Business owners need to be aware that under the new anti-hooning legislation passed in Queensland, vehicles can be taken off the road immediately and penalties increase for second and subsequent offences.

Offending driver not necessarily the owner of the vehicle

New anti-hooning and road safety legislation came into effect in Queensland on 1 November 2013, delivering the toughest vehicle impoundment laws in Australia. (See Police Powers And Responsibilities (Motor Vehicle Impoundment) and Other Legislation Amendment Act 2013 No. 15.)

The new legislation can have far reaching consequences for owners of vehicles who are not necessarily the offending driver. Under the new legislation, vehicles can be impounded for seven or 90 days, depending on the type of offence committed by the driver that might trigger the impounding or immobilisation of a vehicle.

Range of penalties for Type 1 and Type 2 offences under anti-hoon laws

The offences range from being involved in street racing (Type 1) down to unlicensed driving, high range drink driving, exceeding the speed limit by more than 40 kilometres per hour, driving a vehicle that is both uninsured and unregistered; and non-compliance with vehicle standards and safety regulations offences (Type 2).

The timeframes for impounding or immobilisation also depend on the type of offence, with Type 1 offences involving a 90 day vehicle impoundment for a first offence and the vehicle being forfeited for a second offence. For Type 2 offences, the first offence will result in a warning, but the length of impounding increases to seven days, 90 days and forfeiture for each subsequent offence.

The relevant period for the committing of the Type 1 or Type 2 offence is five years and the second and subsequent offences do not need to be the same type as the first offence.

Applications for early release of impounded vehicles

The only way to have your vehicle released before the expiration of the impound or immobilisation period is to apply to the Commissioner of Police for early release.
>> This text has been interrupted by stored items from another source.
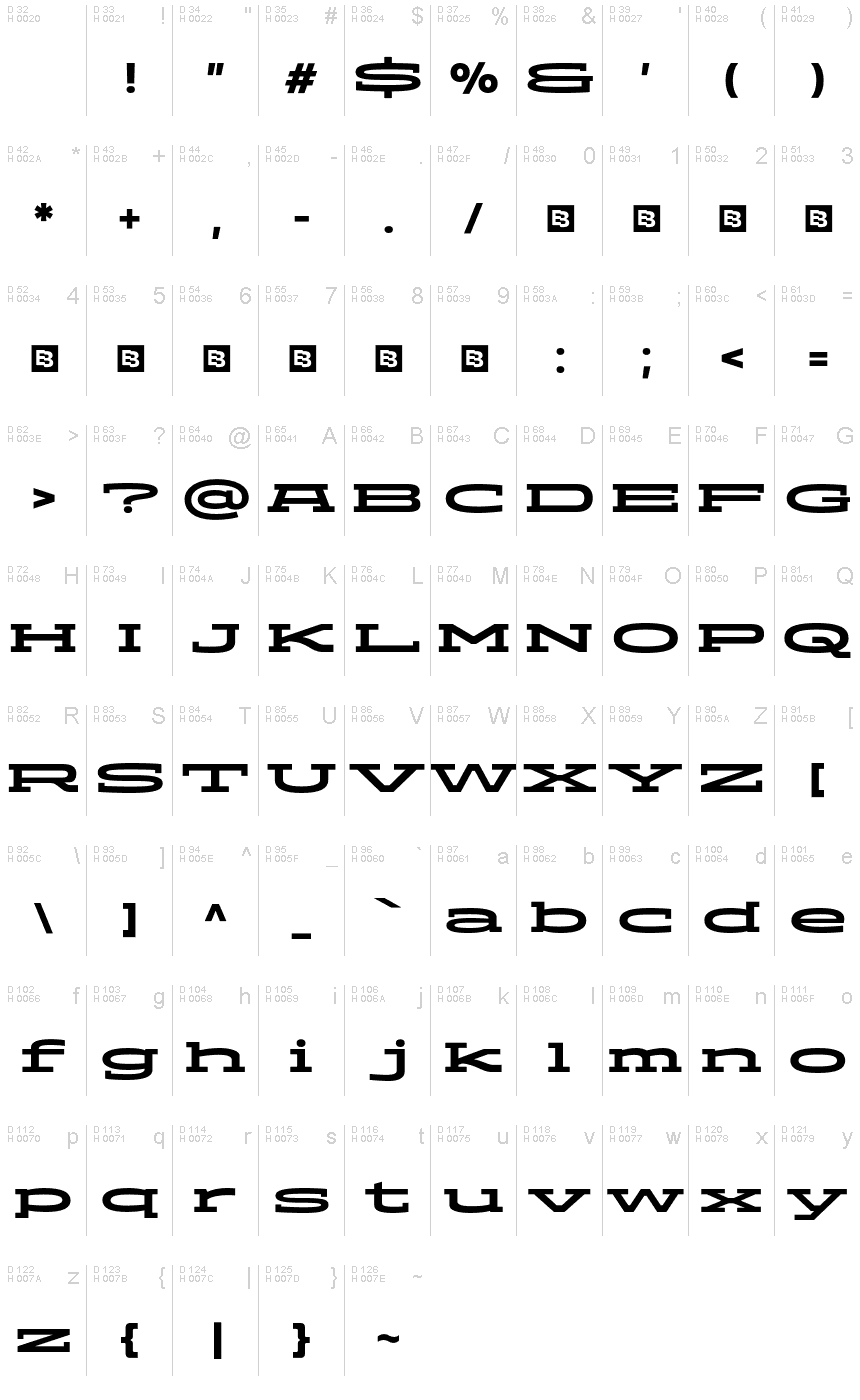 Its wide letterforms create a bold presence while maintaining legibility, making it ideal for headlines, posters, and branding materials. The unique slab serifs add a touch of modernity to its classic design, making it suitable for contemporary graphic design projects.
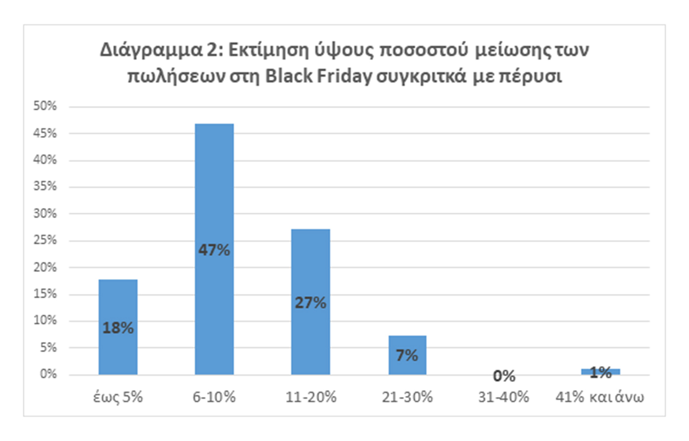 Αξιοσημείωτο είναι ότι σχεδόν τα δύο τρίτα των επιχειρήσεων αμφισβητούν πλέον την αποτελεσματικότητα του θεσμού, εκτιμώντας ότι η Black Friday ευνοεί κυρίως τις μεγάλες αλυσίδες και τις διεθνείς πλατφόρμες, αφήνοντας τις μικρότερες επιχειρήσεις με περιορισμένο περιθώριο κέρδους. Οι περισσότερες επέλεξαν ως κύριο μέσο προώθησης τις βιτρίνες και σε δεύτερο βαθμό τα social media.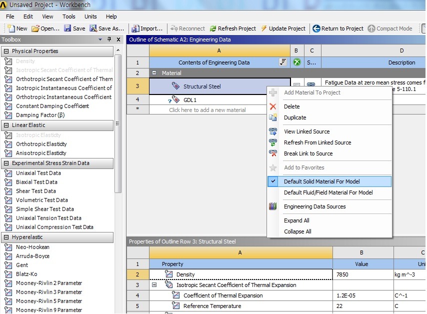 오늘 부터 안되네요... 엔지니어링 데이터에 들어가 structral steel을 solid의 기본 값으로 지정해도

The application can only be made in certain circumstances, such as severe hardship or the offence occurring without the owner's consent.
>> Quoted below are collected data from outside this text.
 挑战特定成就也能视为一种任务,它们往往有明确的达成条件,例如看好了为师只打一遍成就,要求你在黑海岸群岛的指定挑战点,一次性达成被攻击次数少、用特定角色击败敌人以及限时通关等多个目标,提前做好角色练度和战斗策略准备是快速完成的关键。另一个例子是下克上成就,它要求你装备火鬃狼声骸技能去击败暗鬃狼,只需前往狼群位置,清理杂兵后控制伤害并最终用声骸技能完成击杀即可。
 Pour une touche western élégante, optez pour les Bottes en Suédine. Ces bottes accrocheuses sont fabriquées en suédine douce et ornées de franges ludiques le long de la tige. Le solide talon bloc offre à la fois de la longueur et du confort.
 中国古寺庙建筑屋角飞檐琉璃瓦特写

The Commissioner of Police (or its delegate) will have five business days to determine the Application for Early Release.
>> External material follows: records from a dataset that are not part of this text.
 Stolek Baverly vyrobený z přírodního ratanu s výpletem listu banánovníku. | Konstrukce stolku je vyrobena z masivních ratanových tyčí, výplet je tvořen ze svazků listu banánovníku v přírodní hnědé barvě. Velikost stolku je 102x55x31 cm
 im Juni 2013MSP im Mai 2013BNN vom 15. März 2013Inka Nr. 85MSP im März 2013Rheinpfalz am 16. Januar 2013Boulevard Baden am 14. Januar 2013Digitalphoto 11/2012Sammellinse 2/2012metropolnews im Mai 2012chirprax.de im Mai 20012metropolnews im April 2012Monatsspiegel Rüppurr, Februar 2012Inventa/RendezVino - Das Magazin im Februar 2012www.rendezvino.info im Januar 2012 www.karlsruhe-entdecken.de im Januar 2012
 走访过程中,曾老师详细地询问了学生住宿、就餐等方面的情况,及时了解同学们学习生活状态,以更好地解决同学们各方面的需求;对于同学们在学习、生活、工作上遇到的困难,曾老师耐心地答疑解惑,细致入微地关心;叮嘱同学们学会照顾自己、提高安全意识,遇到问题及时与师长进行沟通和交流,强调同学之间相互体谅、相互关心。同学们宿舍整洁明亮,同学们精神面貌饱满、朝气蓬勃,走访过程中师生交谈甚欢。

What should you do to protect your business and its vehicles?

Because the purpose of the legislation is to stop repeat offenders in their tracks by taking vehicles off the road immediately, this could have far reaching and immediate consequences for a business.

For this reason, it important that businesses:

• Take an active interest in the traffic history of drivers by undertaking regular traffic history checks

• Consult with employed and contract drivers regarding the refreshed safety management procedures to be reconfirmed

• Meet the requirements of the Work Health and Safety Act (QLD)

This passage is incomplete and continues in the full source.